Thanks for the encouragement, comments and support. A couple of questions came in these past few days:

“KJ, what do Chinese do when it rains?” – Brian, South Africa

Great question Brian. They get wet!  (will answer this question in another blog)

“Just wondering KJ, do you often encounter racism in your daily life here in China?”  – Tom, Canada

Another really interesting question. Thanks Mike. This leads to today’s topic:

img_6796.jpg

The picture above was taken by a friend in an lift across town. The elevator accesses a gym frequented by many Guangzhou-based foreigners. Curious, my friend scanned the QR code attached to the sticker and found a link to a dubious website. No one seems to know who put the sticker there but judging by the site’s content, it was mostly likely an expat.

I’m not going to provide a link to the site. Why?  Because it’s a site that purportedly supports expat rights but seems as much a vehicle for hate-speech as anything else. Let’s not mention the frequent spelling mistakes in the site’s blog posts (shock horror!). It should be easy enough to find if you’re really interested.

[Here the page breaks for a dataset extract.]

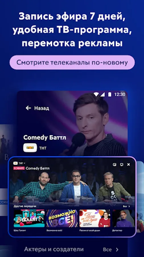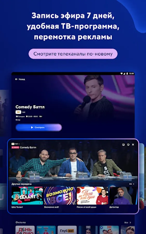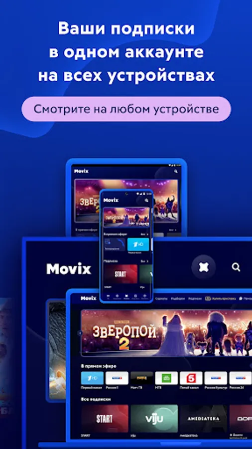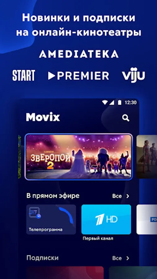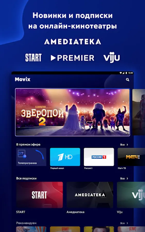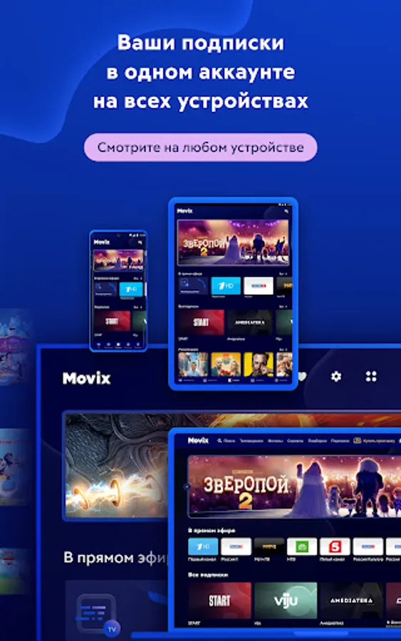 TV channels, movies from popular online cinemas Premier, Amediateka, Start, Viju and much more. Anytime, anywhere!

Flimsy journalism backed with dodgy statistics – yuck. A sample size of ten does not “maketh” an accurate result!  The message boards are worse. Swear words, some I’ve never heard before, describing people of both Asian and European descent. I guess this partly helps answer Tom’s question. People are free to rant and rave under the cloak of anonymity and often true feelings come to the surface. People complain about being “helloed” everywhere they go here. Some Chinese get annoyed about being “Ni haoed” too, especially those with advanced levels of English. Africans appear by far to get the worst treatment.

I’ve noticed a degree of unintentional racism here. China is still so homogenous, so completely Chinese, that your brown / blond / red hair and white / dark skin will make you stand out. The locals are simply not yet used to foreigners. My daughters get a lot of attention from people, most of it admiring and very kind. Their eyes, skin, hairstyles (and inevitable shyness from the attention) get remarked upon. “Can they speak Chinese?”  “How about English?”  “Can they speak at all?”

People point at my nose. One little boy took his fingers and tried to stretch his mini-snout, hoping to equal mine in size. No show on that score buddy. I’ve been called a few rotten names over the years (it’s funny how one remembers the insults) but I think people are generally pretty nice to me. The loud “helloooooos!” and mocking of my Chinese used to grate. Then I discovered meditation. Thanks Headspace. I might have said one or two naughty things to one or two Chinese people here too… some time ago. None of us are robots.

So Tom, is there racism here in China?  Yes – lots of it. But I think we’re all guilty of it at some level or another.